Section 13 of The Bonded Labour System (Abolition) Act 1976 empowers the state government to constitute vigilance committees in each district and each sub-division, led by a district magistrate and a subdivisional magistrate, respectively. Central scheme for rehabilitation of bonded labourers has provisions of Rs 1 lakh as assistance to the freed ‘slave.’ In special cases, the assistance can go up to Rs 3 lakh. It also calls for allotment of land for house and agriculture, provision of low-cost dwelling units, animal husbandry, wage employment and enforcement of minimum wages, supply of essential commodities under public distribution system, and education for children.

The families that The Quint spoke to said that they have not yet received any benefits and nor has anybody gone to jail under the Bonded Labour System Abolition Act that prescribes a three-year jail term for the accused.

Additional Chief Secretary of Labour, Punjab, VK Janjua didn’t respond to a request for comment.

More Bloodcurdling Instances

And then there is the story of Kindar Singh from Punjab who was found alive last year as a slave in a dairy farm in Rajasthan’s Ganganagar —10 years after he was presumed to be dead. His wife Rajwinder Kaur said, “I was just 36-years-old when he had left home to meet his sister in Faridkot district. We think he was kidnapped.”

His wife said her husband was not mentally disabled but was gullible.

He was underfed for years, and now has trouble digesting a normal portion of food. He was brutally beaten up “for small mistakes”. He was forced to sleep “on the floor in a room full of buffaloes and cows” and now he has trouble falling asleep in his room, said Kindar’s family.

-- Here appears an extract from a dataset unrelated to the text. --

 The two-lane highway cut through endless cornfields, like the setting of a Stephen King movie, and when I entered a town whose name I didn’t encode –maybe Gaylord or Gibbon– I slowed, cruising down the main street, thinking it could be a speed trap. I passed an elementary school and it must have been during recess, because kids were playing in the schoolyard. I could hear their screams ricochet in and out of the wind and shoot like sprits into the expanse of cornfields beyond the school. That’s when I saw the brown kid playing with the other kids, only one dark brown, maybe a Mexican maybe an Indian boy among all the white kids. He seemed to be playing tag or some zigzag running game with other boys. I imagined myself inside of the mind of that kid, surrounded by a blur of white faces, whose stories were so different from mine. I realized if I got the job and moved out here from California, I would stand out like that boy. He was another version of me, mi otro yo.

Rajesh Kumar, Kindar’s alleged enslaver, said, “Nearly 10 years ago, my father Karmajit found him injured on a highway and brought him home. After 3-4 days, we took him to doctor who said Kindar was a drug addict. He used to have 100-150 grams of poppy husk in a day. We kept him as a family member, never chained him. We did not force him to work. Our family is political and it is the reason we got targeted.”

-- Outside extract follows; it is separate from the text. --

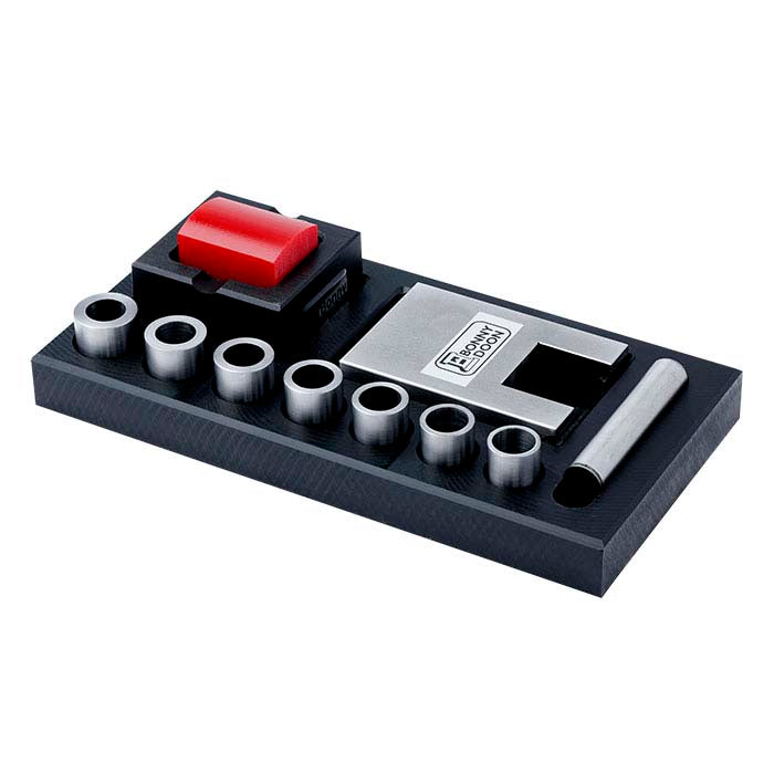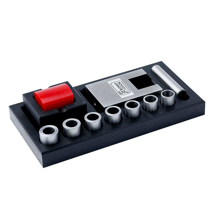 This handy kit fits into your Bonny Doon hydraulic press and enables you to perfectly shape metal to form rings and other pieces without any of the kinks, bends and marring that are part of the process when using traditional hammering techniques. The column block and bolt secure the tool to the upper platen of your press. The steel dowel holds the ring forming sleeves and attaches magnetically to the column block—easy to use and completely secure. Seven ring sleeves, all 1" long, offer diameters from 16mm to 20.5mm. The kit also includes a urethane block in a container box configured to work with the dowel and column block in shaping rings.

National Committee Campaign for the Eradication of Bonded Labour (NCCEBL) convener and social activist Nirmal Gorana said, “The government needs to conduct surveys and free those who have been enslaved. There is a provision for vigilance committees on district and sub-divisional levels to find and free slaves. It is their duty to free slaves and rehabilitate them. Most of them don’t know what to do. In most cases, vigilance committees favour enslavers, not slaves.”

Rohit Chaudhary, Punjab Police Special DGP/ Human state Rights Commission said, “There is not much data available on the issue. I don’t have much idea.”

(This story was reported under NFI Fellowships for Independent Journalists.)